(Supplied data Opens)
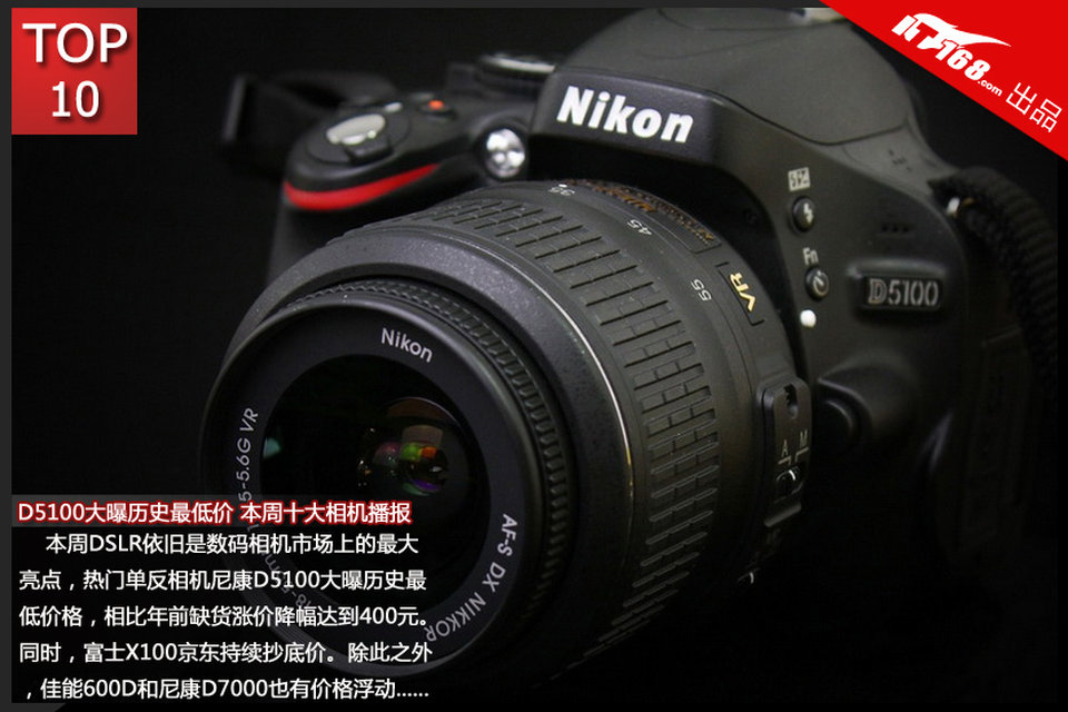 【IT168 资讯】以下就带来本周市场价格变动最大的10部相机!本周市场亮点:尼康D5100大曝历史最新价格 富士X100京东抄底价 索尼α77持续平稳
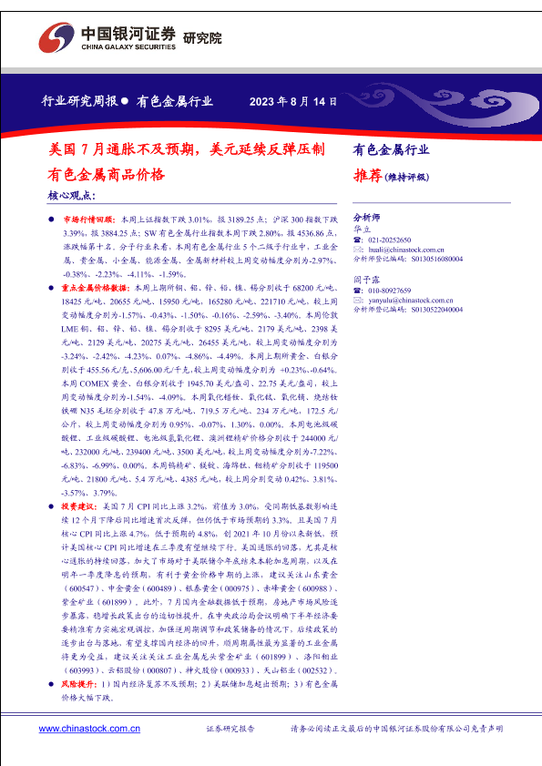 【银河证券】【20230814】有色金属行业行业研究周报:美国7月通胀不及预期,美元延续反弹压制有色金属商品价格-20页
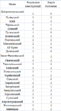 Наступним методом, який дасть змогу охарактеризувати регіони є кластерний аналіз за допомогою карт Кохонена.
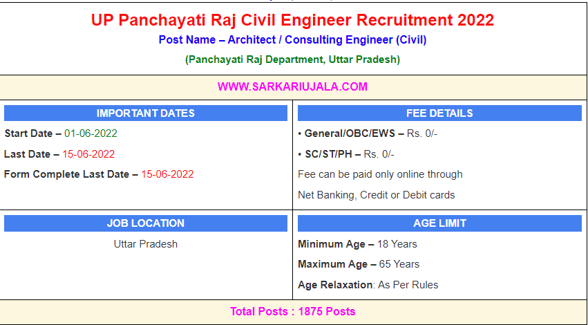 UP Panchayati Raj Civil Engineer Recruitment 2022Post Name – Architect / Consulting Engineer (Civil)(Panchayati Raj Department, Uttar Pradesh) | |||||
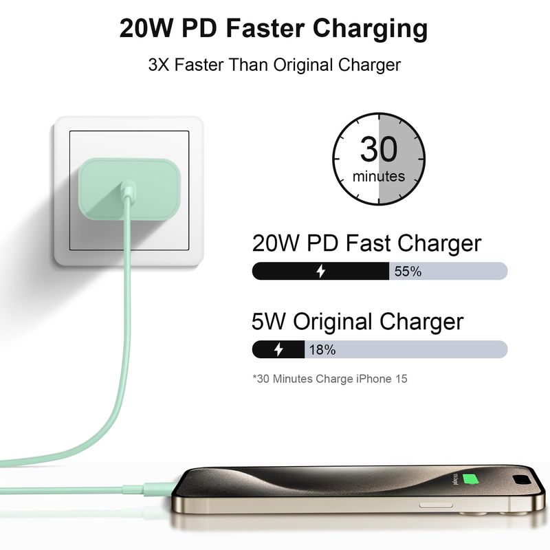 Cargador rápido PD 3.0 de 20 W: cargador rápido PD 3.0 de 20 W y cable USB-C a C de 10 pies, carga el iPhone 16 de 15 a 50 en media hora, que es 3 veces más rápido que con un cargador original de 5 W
(Supplied data Closes)
(Supplied data Opens)
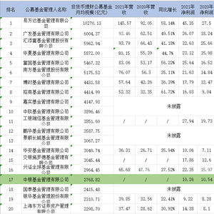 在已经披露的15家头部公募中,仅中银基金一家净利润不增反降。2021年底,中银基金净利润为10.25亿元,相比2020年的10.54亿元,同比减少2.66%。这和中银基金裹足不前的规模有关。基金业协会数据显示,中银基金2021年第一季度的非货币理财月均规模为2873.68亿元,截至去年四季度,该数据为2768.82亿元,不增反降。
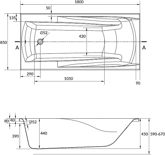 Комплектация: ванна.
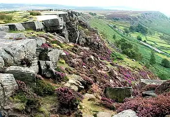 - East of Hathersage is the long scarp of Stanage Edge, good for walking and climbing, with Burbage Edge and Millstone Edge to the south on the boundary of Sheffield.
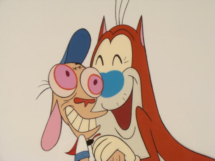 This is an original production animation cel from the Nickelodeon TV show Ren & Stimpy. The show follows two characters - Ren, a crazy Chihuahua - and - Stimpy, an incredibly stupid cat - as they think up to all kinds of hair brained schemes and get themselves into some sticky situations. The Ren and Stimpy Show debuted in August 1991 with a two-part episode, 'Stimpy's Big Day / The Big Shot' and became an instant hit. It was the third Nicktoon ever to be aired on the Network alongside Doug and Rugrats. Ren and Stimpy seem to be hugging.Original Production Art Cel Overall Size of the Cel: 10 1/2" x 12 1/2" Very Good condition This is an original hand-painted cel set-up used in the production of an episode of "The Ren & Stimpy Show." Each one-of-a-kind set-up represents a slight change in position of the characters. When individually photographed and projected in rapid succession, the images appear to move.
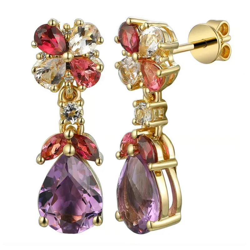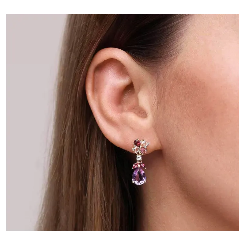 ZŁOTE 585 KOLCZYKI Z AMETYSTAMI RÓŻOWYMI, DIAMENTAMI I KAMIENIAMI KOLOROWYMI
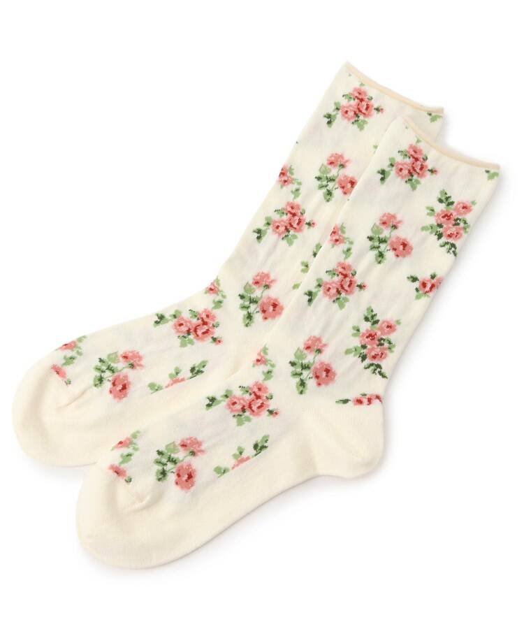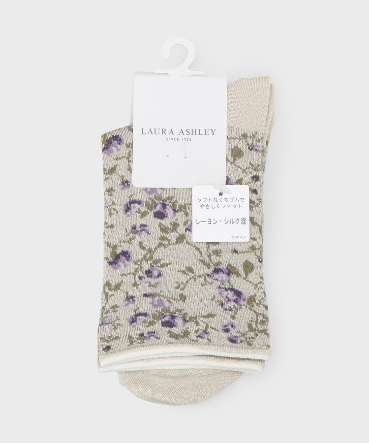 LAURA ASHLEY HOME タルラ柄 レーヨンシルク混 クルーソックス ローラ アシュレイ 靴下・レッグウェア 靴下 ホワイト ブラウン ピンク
(Supplied data Closes)
Working from the entries above, please transcribe only the lines from the line with "在已经披露的15家头部公募中" through the line with "- East of Hathersage", exactly, with both end lines and without pictures.

 在已经披露的15家头部公募中,仅中银基金一家净利润不增反降。2021年底,中银基金净利润为10.25亿元,相比2020年的10.54亿元,同比减少2.66%。这和中银基金裹足不前的规模有关。基金业协会数据显示,中银基金2021年第一季度的非货币理财月均规模为2873.68亿元,截至去年四季度,该数据为2768.82亿元,不增反降。
 Комплектация: ванна.
 - East of Hathersage is the long scarp of Stanage Edge, good for walking and climbing, with Burbage Edge and Millstone Edge to the south on the boundary of Sheffield.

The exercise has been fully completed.